Cô Kimloan, her husband, and some classmates out for some boba
Cô Kimloan, her husband, some classmates and I out for some boba

Cô Kimloan provided this safe, familiar space during my college years. She told stories about her experiences in Vietnam. She taught us about important traditions and holidays. She even went as far as to bring in special Vietnamese treats for us every now and then. She taught us so much more than the Vietnamese language, and I will forever be grateful.


After leaving college, it was up to me to chase my heritage on my own again. It took a year after I graduated, but I finally returned back to Vietnam, this time on my own, without my parents to help translate. A year after leaving school, my Vietnamese was already rusty, but I managed to make it through and had a wonderful time. I ate fresh seafood on the beaches of Đà Nẵng, I watched fire spew from the famous Dragon Bridge, and I took my partner to see the majesty of Vịnh Hạ Long (Ha Long Bay). I can’t wait to be able to go back and explore new cities once the whole global pandemic starts to resolve.


My partner, aunt, uncle, and I enjoying sea snails by the beach in Đà Nẵng
My partner, aunt, uncle, and I enjoying sea snails by the beach in Đà Nẵng

This brings me back to the questions I posed earlier: what makes someone Vietnamese? Is it where they grew up? What language do they speak? The clothes they wear? The food they eat? The holidays they celebrate? The truth is, I still don’t know, and several years after that day in Đà Nẵng, I’m okay with that answer. I take pride in knowing that I belong to two different worlds and that my experience and who I am is the sum of both together.

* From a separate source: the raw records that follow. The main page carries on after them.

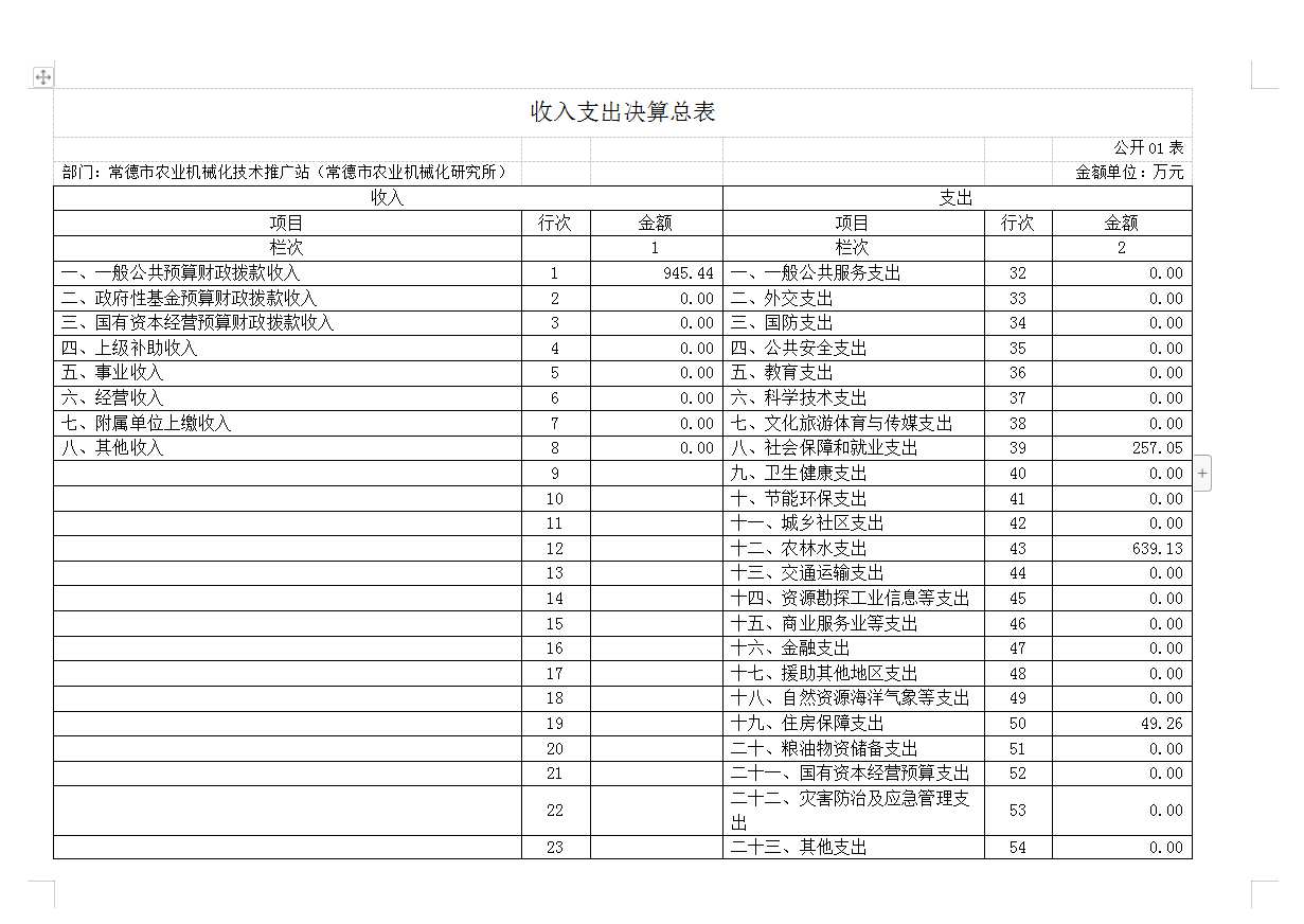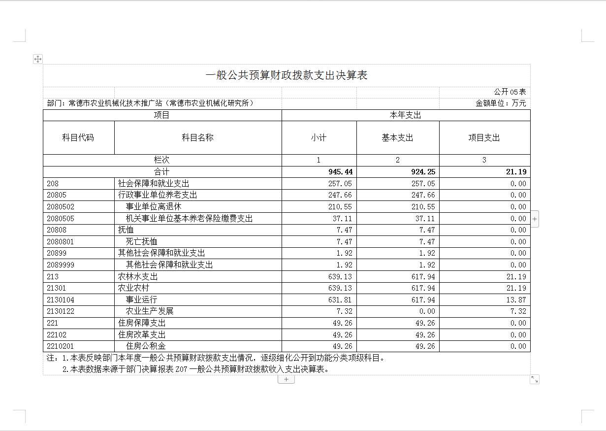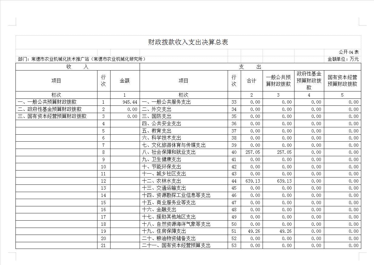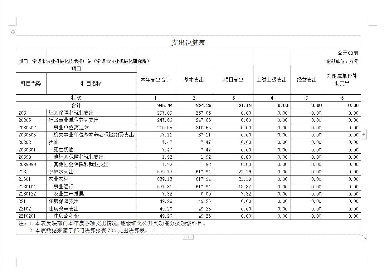 本次绩效评价包括常德市农业机械化技术推广站(常德市农业机械化研究所)本级。
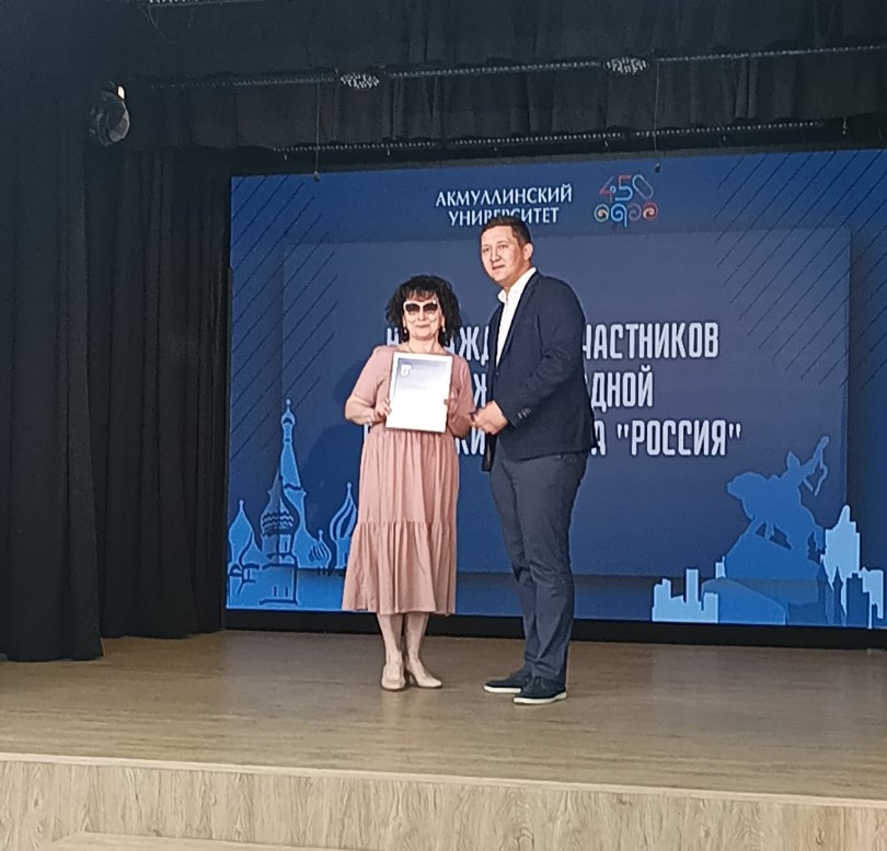 12 июня состоялась церемония награждения участников Международной выставки-форума «Россия» на ВДНХ г. Москва. Среди них были доцент кафедры Яппарова Дамира Мингалиевна и старший преподаватель Камалиева Гульнара Раильевна.
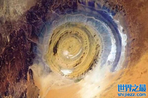 撒哈拉眼位于撒哈拉大沙漠西南部毛里塔尼亚境内,奇特壮观的圆形地貌像一只深邃的眼睛,而成因至今仍然是个谜。
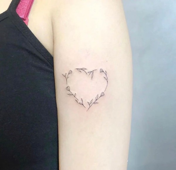 爱心小纹身--一组花花草草组成的心形小清新纹身图案
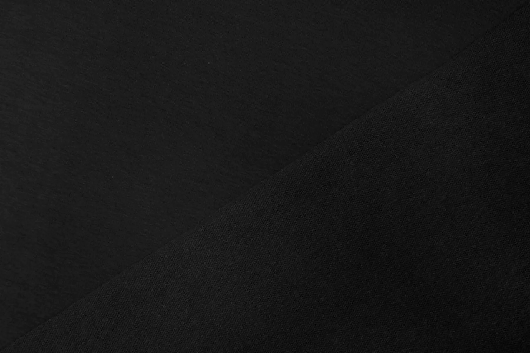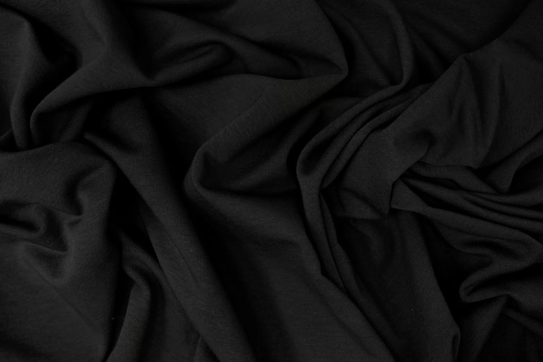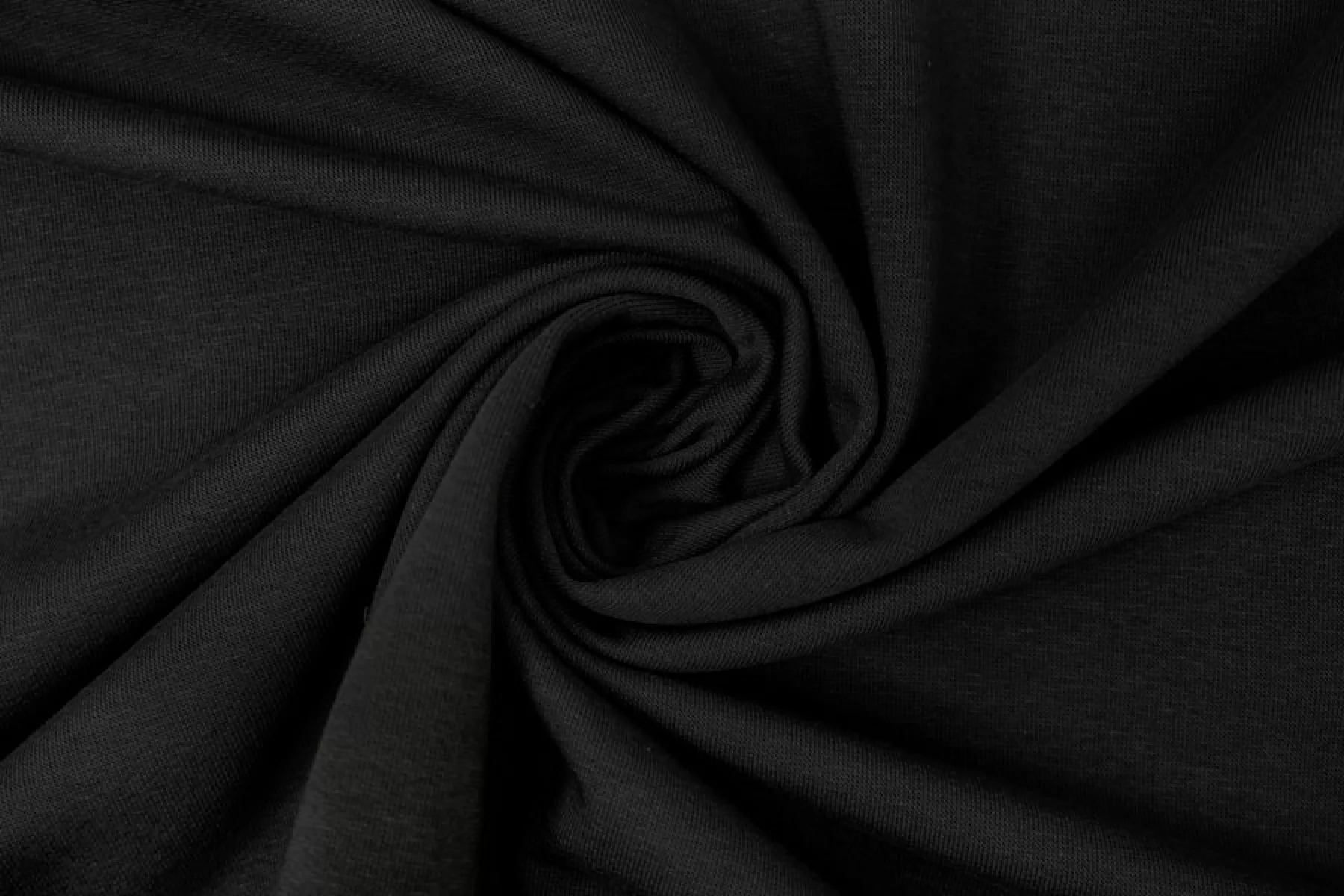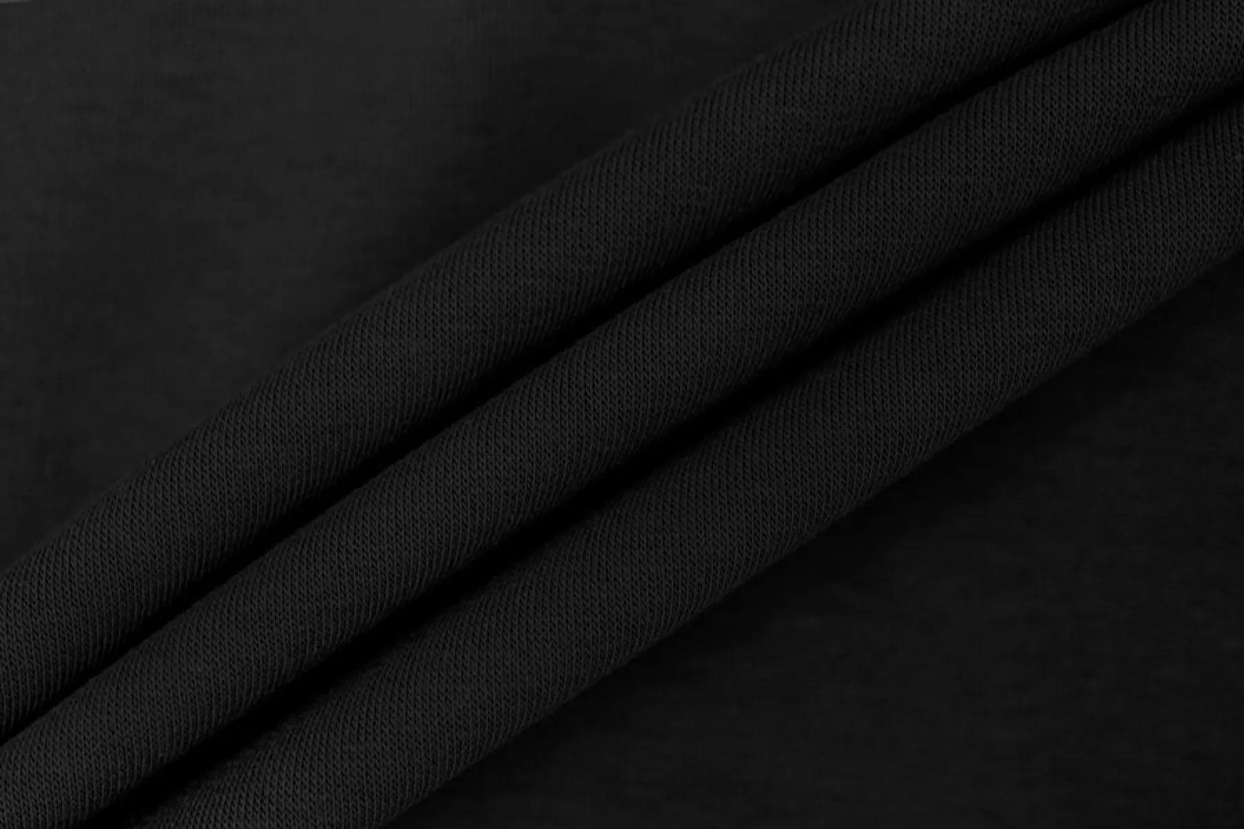 Прекрасный италянский хлопковый футер петля 2-х нитка тонкий в классическом черном цвете. Очень приятный и мягкий наощупь. Хорошо тянется. Не просвечивает. Держит форму, при этом пластичный. Отличный вариант на теплые комфортные спортивные и домашние костюмы, а также платья, лонгсливы, свитшоты, штаны или шорты.

I hope that one day, the word việt kiều no longer carries negative connotations for me. I hope that one day việt kiều doesn’t just mean overseas Vietnamese when a native sees me. Instead I hope it captures the love I have for Vietnam, for its traditions, its food, its language, and its people.


I hope that one day, việt kiều will be a term welcoming us home, and not a reminder of why we left. I hope that one day they will recognize the love and respect I have for a country I never lived in.


I hope the words are used to describe how I am doing my best to keep my heritage, so that I can pass on these traditions to those who will come after me.


 

Brandon Nguyễn is the second son of two Vietnamese refugees from Bạc Liêu and Đà Nẵng, Việt Nam. He currently works as a UX Researcher in San Francisco, California and has recently returned to school in pursuit of a Master's Degree. Brandon is also a 2021 Ambassador of VBP, and is humbled and honored to be part of a team with such a special and important mission.